Everyone Hates Debbie Wasserman Schultz

Democratic Presidential Candidates Debate In Charleston, South Carolina
Ex-DNC chair. Photo: Andrew Burton/Getty Images

Almost everything about the drama Democrats found themselves in on the first day of their convention — the leaked DNC emails roiling the Democratic party, the chorus of boos raining down on every speaker who mentions Hillary Clinton — was unexpected. But the least surprising development is the resignation of Debbie Wasserman Schultz. The now-outgoing chair, one of the longest serving in her party’s history, has been one of the primary targets of Democratic infighting for years — so much so that stories venting frustration about the Florida congresswoman have become a biennial hallmark of political journalism. The only thing surprising about her departure as party leader is that it took this long to happen.

The griping over Wasserman Schultz’s conduct as party leader began in 2011, almost as soon as she took over from outgoing chair Tim Kaine, now Clinton’s running mate. In Politico, anonymous Democrats fretted over Wasserman Schultz’s rough rollout. The complaints centered around a series of “gaffes” the Florida congresswoman made in her first few weeks on the job. These so-called gaffes — that Republicans were waging a “war on women” by restricting abortion and attempting to legislate women’s health, and that Republican-backed voter-ID measures meant that the GOP “want to literally drag us all the way back to Jim Crow laws and … block access to the polls to voters who are more likely to vote for Democratic candidates than Republican candidates,” seem remarkably tame in retrospect. Both points became key arguments made by party leaders in subsequent election cycles; few would likely contest that kind of language today. But they were a good indication that fellow Democrats didn’t like Debbie Wasserman Schultz, and as time went on, those frustrations only mounted.

By 2014, the critics, still mostly anonymous, had formed a more substantial critique: More than three dozen Democrats, almost all of them still anonymous, told Politico that Wasserman Schultz was more concerned with her political ambitions than she was with the good of the party. The story was loaded with the kind of devastating anecdotes reminiscent of Republican staffers’ griping over Sarah Palin following John McCain’s loss in 2008. Former DNC officials claimed that on more than one occasion — for both the 2012 Democratic convention and Obama’s second-term inauguration in 2013 — Wasserman Schultz tried to get the party to pay for her clothes, requiring intervention from Obama advisor Valerie Jarrett. And Obama loyalists complained she was using meetings with DNC donors to try to pressure them into donating to her leadership super-pac. Her working relationship with the president seemed icy at best: When Wasserman Schultz joined a photo-op line at a Democratic fundraiser in an attempt to get face time with the president, he reportedly turned to her and said, “You need another picture, Debbie?”
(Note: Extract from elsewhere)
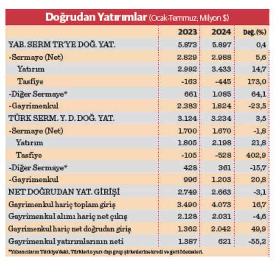 Yeni tesis kurma veya kurulu tesisleri satın almaya yönelik “sermaye” yatırımları cephesinde de bu sene ocak-temmuz döneminde 3 milyar 433 milyon dolarlık bir giriş yaşandı. Gayrimenkul alımlarının bir kerelik etkisine karşılık, üretim ve ihracat yaparak, istihdam yaratarak ekonomiye sürekli olarak katma değer sağlayan söz konusu yatırımlara yönelik girişler geçen senenin aynı dönemine göre yüzde 14,7 artış gösterdi. Fakat söz konusu bu dönemde yüzde 175 artış göstererek, 445 milyon dolara ulaşan tasfiyeler düşüldüğünde net doğrudan sermaye yatırım girişi yüzde 5,6 artışla 2 milyar 988 milyon dolar şeklinde oldu.

Wasserman Schultz and her allies fiercely denied the clothing story and insisted her relationship with the White House was positive. She managed to hang on through the first half of 2016, in part because the White House was reluctant to generate the bad press that would come with replacing her. And she was genuinely good at fundraising, one of the most important parts of her job. What was almost never said by her detractors in the stories slamming her is that serving as party chair is almost always a thankless job: part partisan warrior, and part rule-maker for your own party. It’s difficult to tell how much of those early criticisms of her tenure were valid expressions of concern about her leadership style and how many of them were unfair, gendered complaints. But in retrospect, she was particularly ill-suited to helm the party through a heated battle between Hillary Clinton and Bernie Sanders. Wasserman Schultz was never particularly well-liked among the progressive wing of her party. As a Florida Democrat, her views conform more closely to the more conservative Democrats who make up her home district. She’s long been opposed to medical marijuana, calling it “a gateway drug.” She angered feminists last year when she said young women born after Roe v. Wade were “complacent,” in an attempt to answer a question about whether there was a generational divide in women’s support for Hillary Clinton. And she earned the ire of the left when she and other Florida politicians co-sponsored a bill to slow reforms intended to curb predatory payday-lending practices.

It was pretty obvious — and frustrating — to anyone who was watching, that the DNC favored Hillary Clinton in the Democratic primary. The fact that Democrats had only six debates, half as many as their Republican counterparts, and that they were always scheduled at such odd hours that it appeared the party didn’t want anyone to watch, strongly suggested that they were hoping the Democratic primary process would be an easy path for the early front-runner. Of course, it wasn’t, and Debbie Wasserman Schultz underestimated the extent of progressive anger, not only at Hillary Clinton, but at party officials like her. The difference is that Clinton still has millions of vocal supporters on her side. Wasserman Schultz isn’t so lucky.